『 ナショナル・アイデンティティの国際比較』
刊行にあたって
田辺 俊介
東京大学社会科学研究所附属
社会調査・データアーカイブ研究センター准教授
今から15年ほど前、大学の冬休みにロシアの首都モスクワを旅した。その際、町中で突如ネオナチ風の若者3人組に囲まれ、殴られた。不幸中の幸い、足場の悪い冬のロシアでは彼らの右ストレートの力は弱く、身体的には大した衝撃はなかった。しかし心理的には大きな衝撃を受けた。トラウマと言う類のものではない。「なぜ見知らぬ人を突然殴れるのか」という、ある意味実に新鮮な驚きであった。その時自分が投げかけられた言葉はどうも「チェチェン人は出ていけ!」というような、典型的な排外主義的ナショナリストの言葉であったようだ。「日本人」が見た目から「チェチェン人」と思われ、「ロシア人」に殴られた。このいくぶん喜劇的な要素も含む、ちょっとした個人的体験から、私のナショナル・アイデンティティに対する学問的探求がはじまった。
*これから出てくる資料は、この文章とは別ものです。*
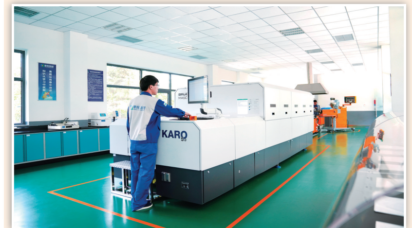
6月13日,工作人员在康辉新材料科技有限公司的功能性薄膜实验室内进行实验。位于营口仙人岛经济开发区的康辉新材料科技有限公司作为推动区域聚酯新材料产业强链、延链的“排头兵”,不断以新技术开发新产品,以新产品拓展新市场,持续为产业发展注入活力。近年来,辽宁省将发展新材料作为建设新型原材料基地的突破口,提高新材料在原材料工业的比重,形成新动能。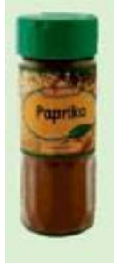
Columbia Paprika edelsüß Flora Gewürze, 49198 Dissen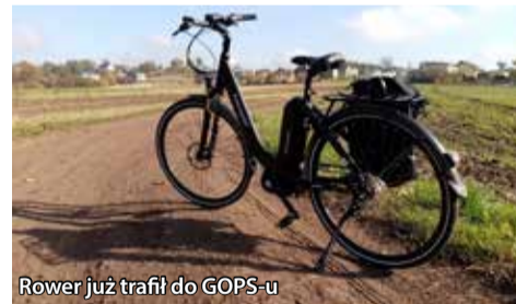
Rower już trafił do GOPS-u

Karolina Wadowska, członek zarządu GZM w rozmowie z netg.pl poinformowała, że Metropolia chce promować zrównoważoną mobilność miejską i pokazywać, że rower to świetny środek transportu do odbywania również podróży służbowych.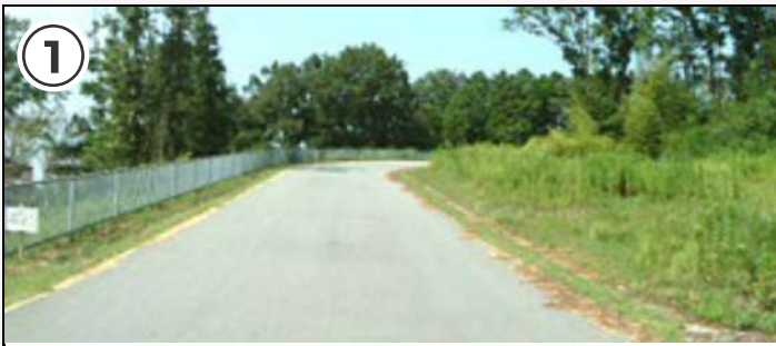
① スタート直後から上り坂。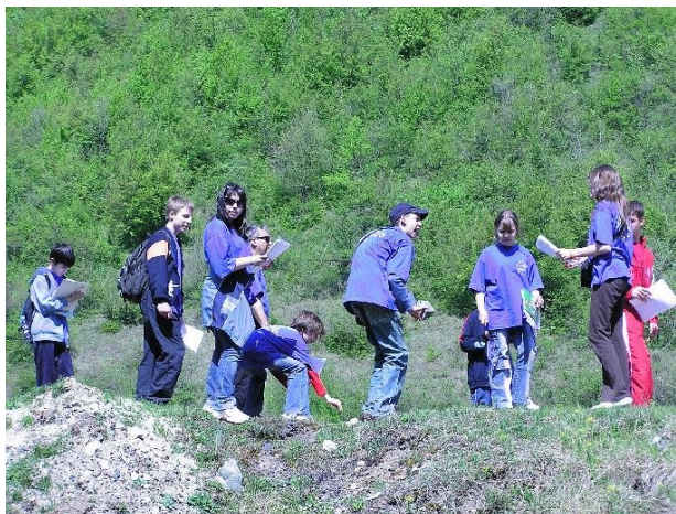
Voluntarii de la SKOLA PLUS Bela Crkva în acțiune de monitorizare a rezervației naturale Valea Ciclovei

În prima parte a întâlnirii, care a avut loc la sediul GEC Nera din Oravița, voluntarii împreună cu reprezentanții de la Administrația, Parcul Național Cheile Nerei-Beușnița, Rezervația naturală Deliblatska Peșcara (Dunele Deliblato) și Parcul Regional Vrșacke Planine (Munții Vârșetului) au stabilit împreună procedurile de monitorizare alternativă a mediului și un program de monitorizare pentru perioada mai – octombrie a.c. În continuare s-a realizat o aplicație practică de monitorizare alternativă a mediului în rezervația naturală Valea Ciclovei.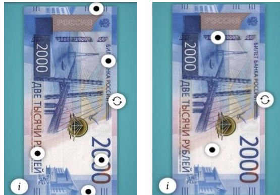
شكل رقم (٧) يوضح على اليمين عناصر احساس الورق Feel، وعلى اليسار عناصر الرؤية والرفع Lift&Look.

ويعتبر هذا التطبيق تفاعلي هو الآخر بحيث يمكنك ألا تحتاج لأن تنظر إلى البنكنوت حيث يعمل أيضاً من خلال تفاعل المستخدم والتعرف على كافة العلامات التأمينية في العملة الروسية، كما بالشكل رقم (٧)، حيث توضح الصورة على اليمين أيقونة Feel فمعناها هي كل علامة تأمينية يمكن معرفتها أو التعرف عليها من خلال احساس لمس الورق. ما صورته على اليسار فهي تعني التعرف على كل علامة تأمينية يمكن معرفتها أو التعرف عليها من خلال الرؤية أو رفع الهاتف. (٨) (٩) (١٠)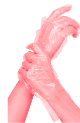
1 paio di guanti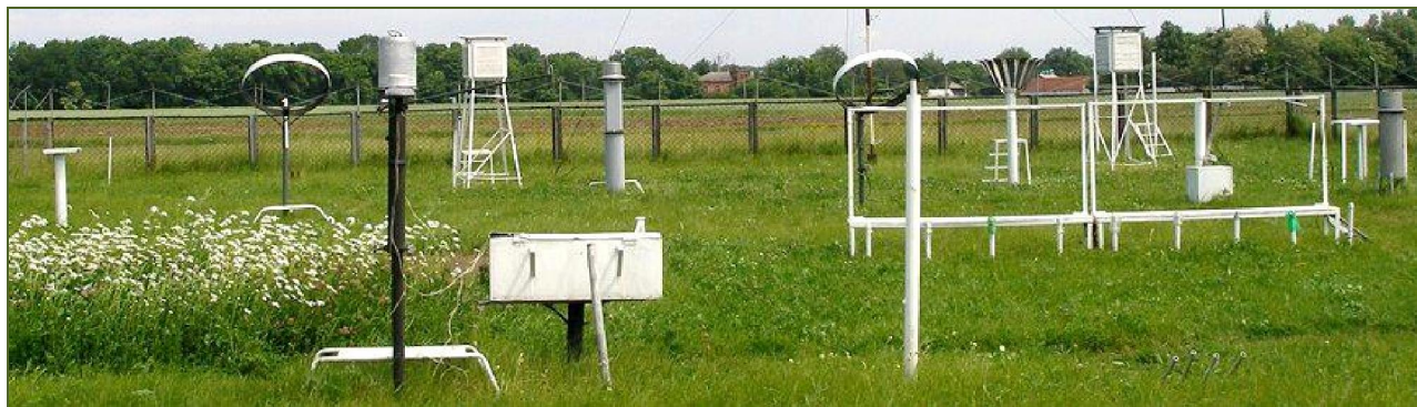
На майданчику метеостанції Полтави М.Самбікін проводив агрокліматичні спостереження

その後社会学科に進み、ナショナリズムやナショナル・アイデンティティに関する理論や研究を学んでいった。そこから学ぶことはとても多く、その成果が本書の理論的考察に反映されている。しかし少々不満もあった。それら研究の多くは、政治家や知識人のようなエリートの発言や、あるいはメディアで喧伝されるような先鋭化した社会問題を対象としていた。結果、「普通」の人々の意識や行動が説明できていない、と感じたのである。これでは、自分に殴りかかってきた3人組の気持ちは理解できないのではないか、と。
しかし一般の、「普通」の人々が抱くナショナル・アイデンティティは、アンソニー・スミスの言葉を借りれば「近代社会においてもっとも強力なアイデンティティの神話」であり、その重要性は決して低いものではない。その証拠として、例えば20世紀の2度の大戦を語る時、このアイデンティティの神話を無視しては、なぜあれほど多くの人々が自らの命を賭して戦ったのか、その答えは出てこない。
そしてグローバル化のただ中にある21世紀の現在日本においても、そのようなナショナル・アイデンティティは消滅するどころか、むしろ「平凡」な存在として人々の行動や意識を(たとえ無意識であっても)強く規定している。例えばネイションの誇りと関連する「歴史教科書」や、排外性と関連する外国人参政権への賛否など、昨今の諸問題と直結している。そのように考えれば、「普通」の人々のナショナル・アイデンティティの解明は、「今」・「ここ」にある社会科学的課題である。
さて、そのようなナショナル・アイデンティティを研究するに際して、前述したように多くの先行研究では、エリートの発言やメディアで喧伝される情報の分析を行っていた。そのため、多くの場合ナショナル・アイデンティティの特定の一面のみを明確化してきた。あるいは特定の国のみを対象とすることから、例えば日本を研究した結果としてある種の「日本特殊論」に陥ってしまうことも少なくなかったと思われる。
それに対して本書は、2つの視点からナショナル・アイデンティティを多元的に捉えた上で、同時のその多元性の中にある共通性や異質性を描き出そうと試みた。
第一の視点は、量的調査データの統計分析である。定式化された質問文を用いた量的調査のデータを統計的に分析することで、「普通の人々」がどのようなナショナル・アイデンティティを抱いているのか、その概念構造や類型を明らかにした。量的調査は広く一般の人を対象にしていることから、典型的「ナショナリスト」と呼びうる人々だけでなく、「反ナショナリズム」的な意識を抱く人々も含んだ分析が可能となった。結果的にナショナル・アイデンティティの全体像を描き出すことに成功したと考えている。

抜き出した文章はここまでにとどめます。